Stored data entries
+===+

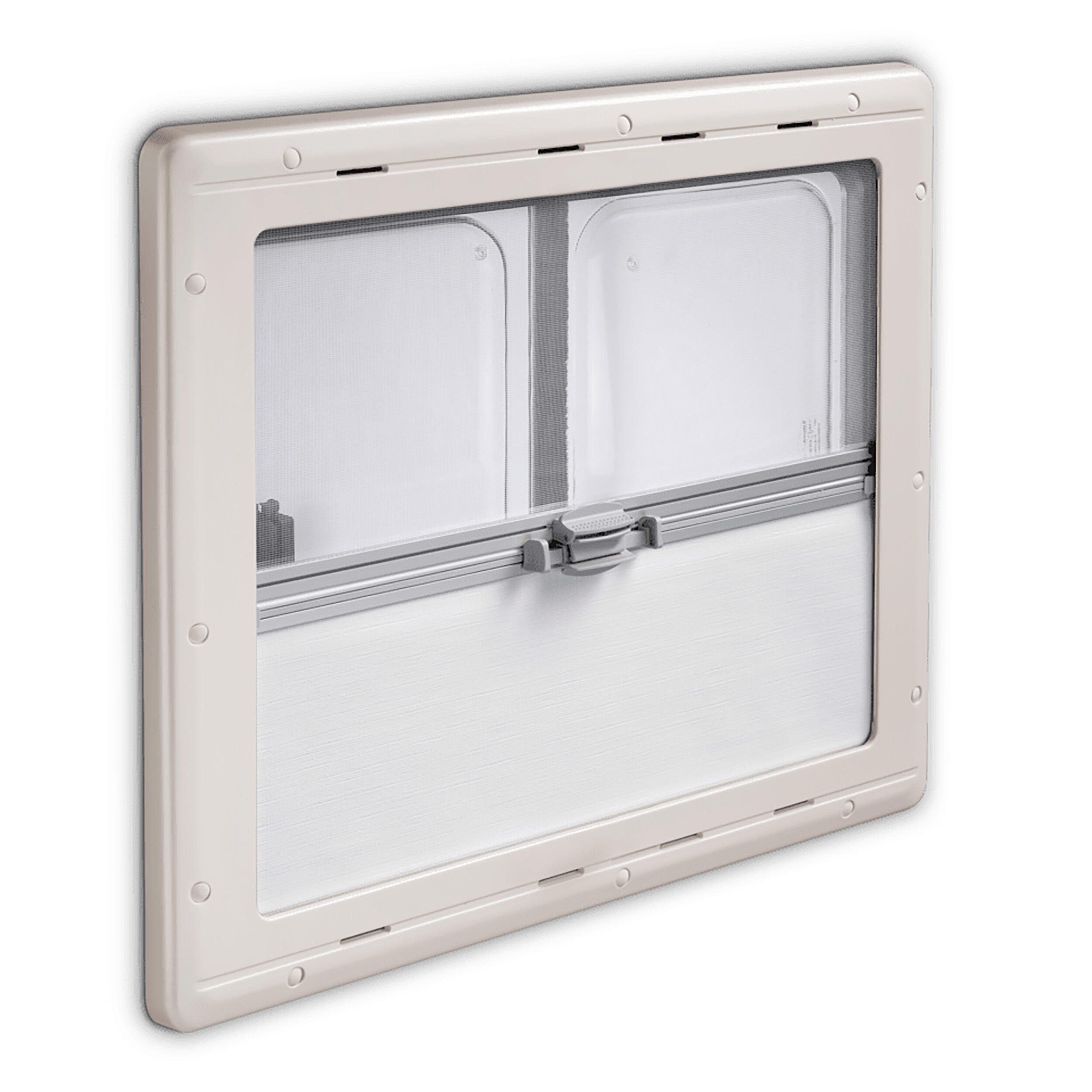 La fixation s'effectue par pincement en vissant le cadre intérieur sur le cadre extérieur. Un store (toile plastifiée : intérieur beige clair et extérieur argent) et une moustiquaire sont intégrés dans le cadre intérieur et sont réglables dans diverses positions pour plus de confort. Les baies S4 sont réversibles, elles peuvent se poser indifféremment du côté gauche ou droit. Les modèles à projection sont équipés de compas à ouverture réglable.
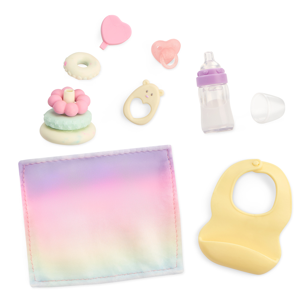 Tory vient d'être promue grande sœur. Au programme aujourd'hui? Les accessoires thématiques offrent aux enfants tout le nécessaire pour jouer à la baby-sitter et prendre soin de Riley. La couverture et les jouets à empiler créent un espace de jeu amusant. De plus, le biberon interactif est rempli de lait factice pour rendre l'heure du repas encore plus amusante! Tory et Riley sont livrées avec des tenues faciles à changer et des bandeaux assortis. Un bavoir, un anneau de dentition et une tétine adaptée à la bouche de Riley complètent son adorable look.
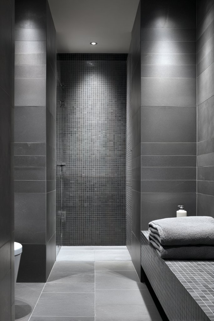 Imagine a bathroom painted in soft shades of gray, with matching tiles and fixtures. The seamless transition from wall to floor creates a unified visual flow, making the room appear larger. Matte black fixtures stand out subtly against the muted backdrop, adding depth without breaking the harmony. Textured towels and mats in similar tones enhance tactile interest, creating a sophisticated retreat.
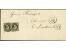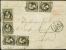 10 c. black, 3 vertical pairs, 2 values slightly touched at one side, otherwise all with good to wide margins, tied by circle of bars to part paid double-rate lettersheet (2 side flaps missing) with a...
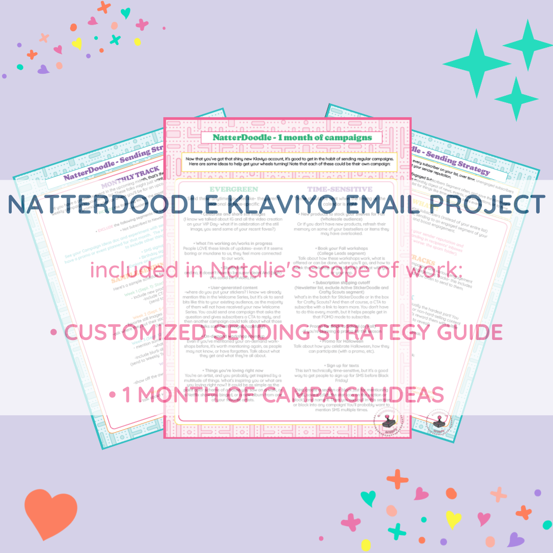 Natalie Pariano of NatterDoodle didn't need coaxing to market her business, which is the opposite of what I usually end up doing with many creative clients. Her business was at the stage where she was regularly marketing her business, but it was tough to tell if those efforts were actually making her money.
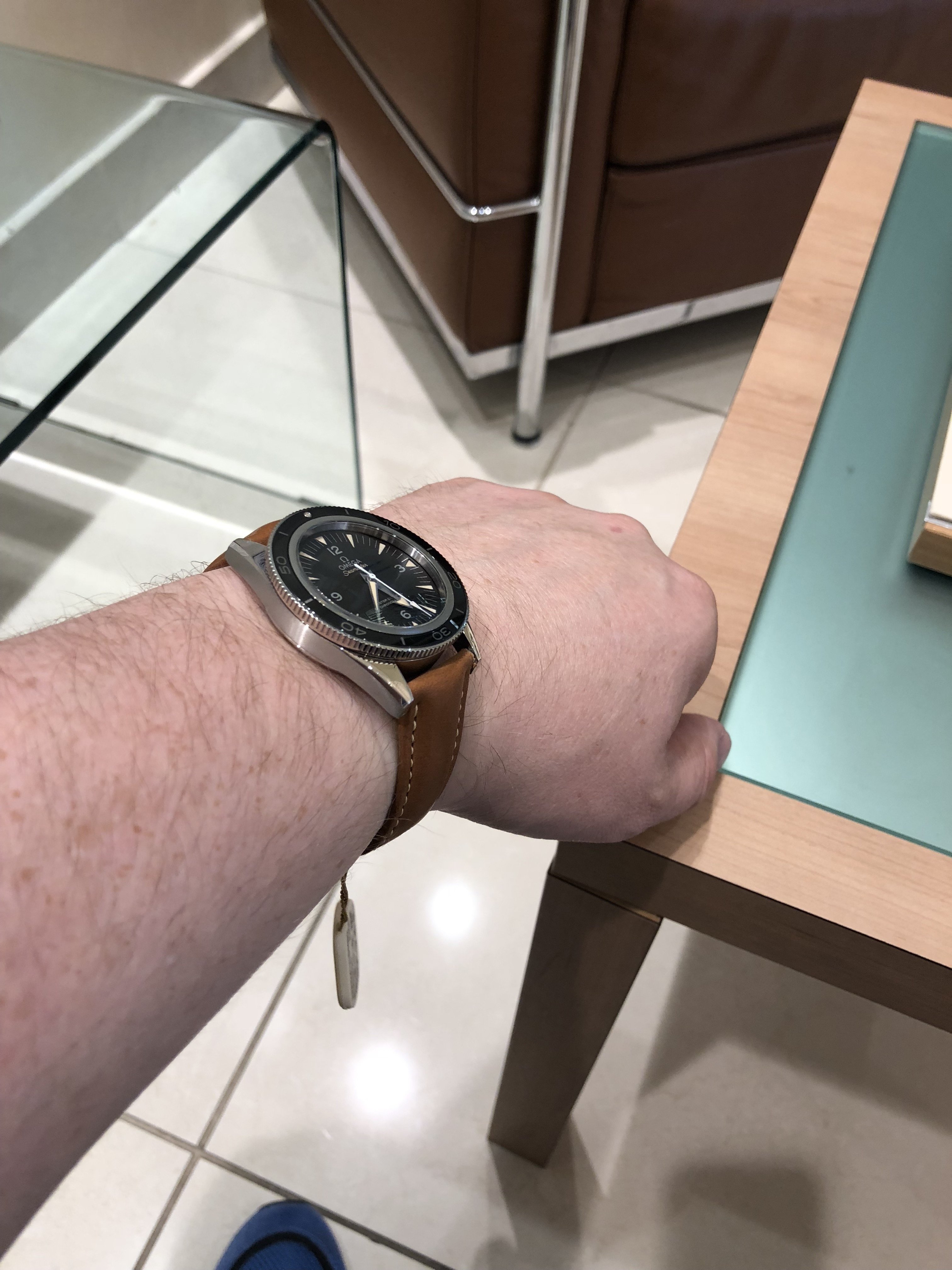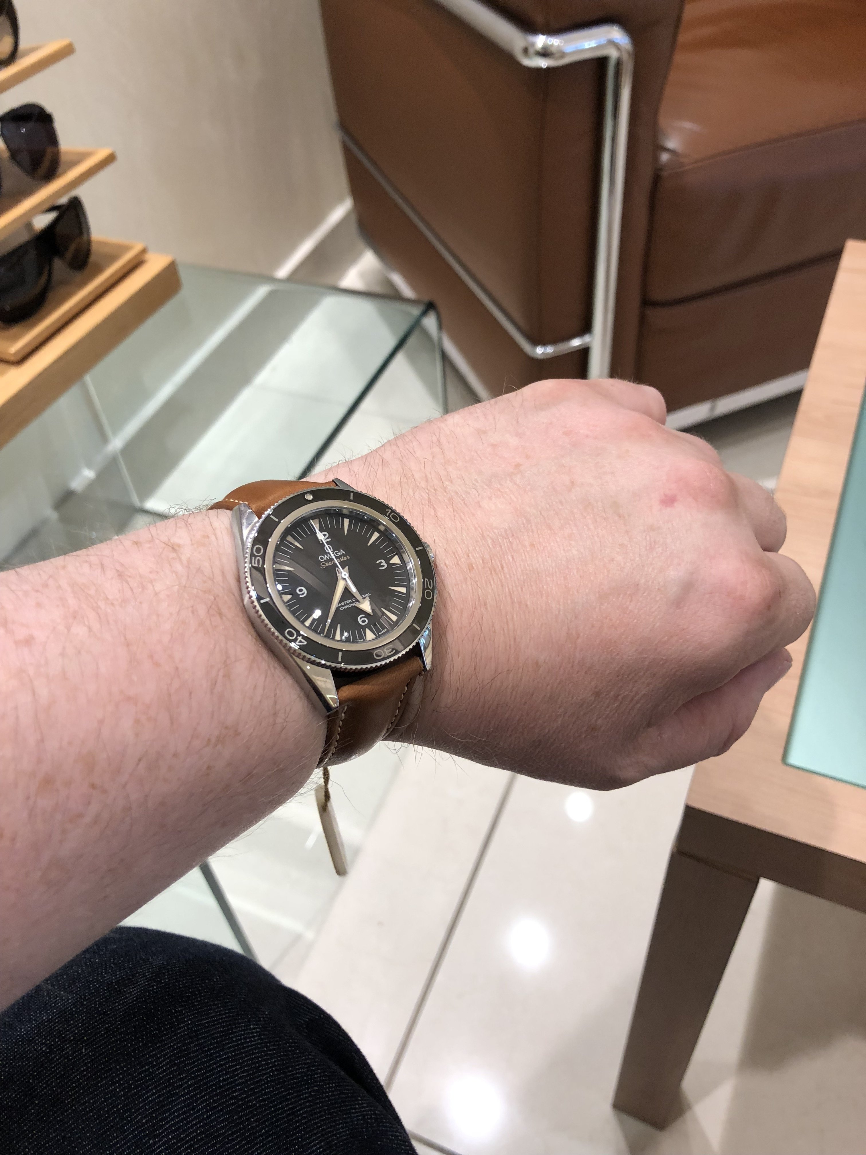 I think I like it. Was doubtful about all the text on the dial as I studied the press photos and real life photos of the watch. Would have much preferred the Seamaster text to be on the lower half of the dial but it still works. The brown /gold fonts allow for some contrast from all the other white text. Love the "sandwiched" dial with the lume wells looking faithful to the originals. The faux patina works for me and I appreciate that Omega has applied a grainy texture with the lume.

+===+

The task = Each entry, start to finish, goes into your copy exactly; the pictures stay out.

Your solution =
 La fixation s'effectue par pincement en vissant le cadre intérieur sur le cadre extérieur. Un store (toile plastifiée : intérieur beige clair et extérieur argent) et une moustiquaire sont intégrés dans le cadre intérieur et sont réglables dans diverses positions pour plus de confort. Les baies S4 sont réversibles, elles peuvent se poser indifféremment du côté gauche ou droit. Les modèles à projection sont équipés de compas à ouverture réglable.
 Tory vient d'être promue grande sœur. Au programme aujourd'hui? Les accessoires thématiques offrent aux enfants tout le nécessaire pour jouer à la baby-sitter et prendre soin de Riley. La couverture et les jouets à empiler créent un espace de jeu amusant. De plus, le biberon interactif est rempli de lait factice pour rendre l'heure du repas encore plus amusante! Tory et Riley sont livrées avec des tenues faciles à changer et des bandeaux assortis. Un bavoir, un anneau de dentition et une tétine adaptée à la bouche de Riley complètent son adorable look.
 Imagine a bathroom painted in soft shades of gray, with matching tiles and fixtures. The seamless transition from wall to floor creates a unified visual flow, making the room appear larger. Matte black fixtures stand out subtly against the muted backdrop, adding depth without breaking the harmony. Textured towels and mats in similar tones enhance tactile interest, creating a sophisticated retreat.
 10 c. black, 3 vertical pairs, 2 values slightly touched at one side, otherwise all with good to wide margins, tied by circle of bars to part paid double-rate lettersheet (2 side flaps missing) with a...
 Natalie Pariano of NatterDoodle didn't need coaxing to market her business, which is the opposite of what I usually end up doing with many creative clients. Her business was at the stage where she was regularly marketing her business, but it was tough to tell if those efforts were actually making her money.
 I think I like it. Was doubtful about all the text on the dial as I studied the press photos and real life photos of the watch. Would have much preferred the Seamaster text to be on the lower half of the dial but it still works. The brown /gold fonts allow for some contrast from all the other white text. Love the "sandwiched" dial with the lume wells looking faithful to the originals. The faux patina works for me and I appreciate that Omega has applied a grainy texture with the lume.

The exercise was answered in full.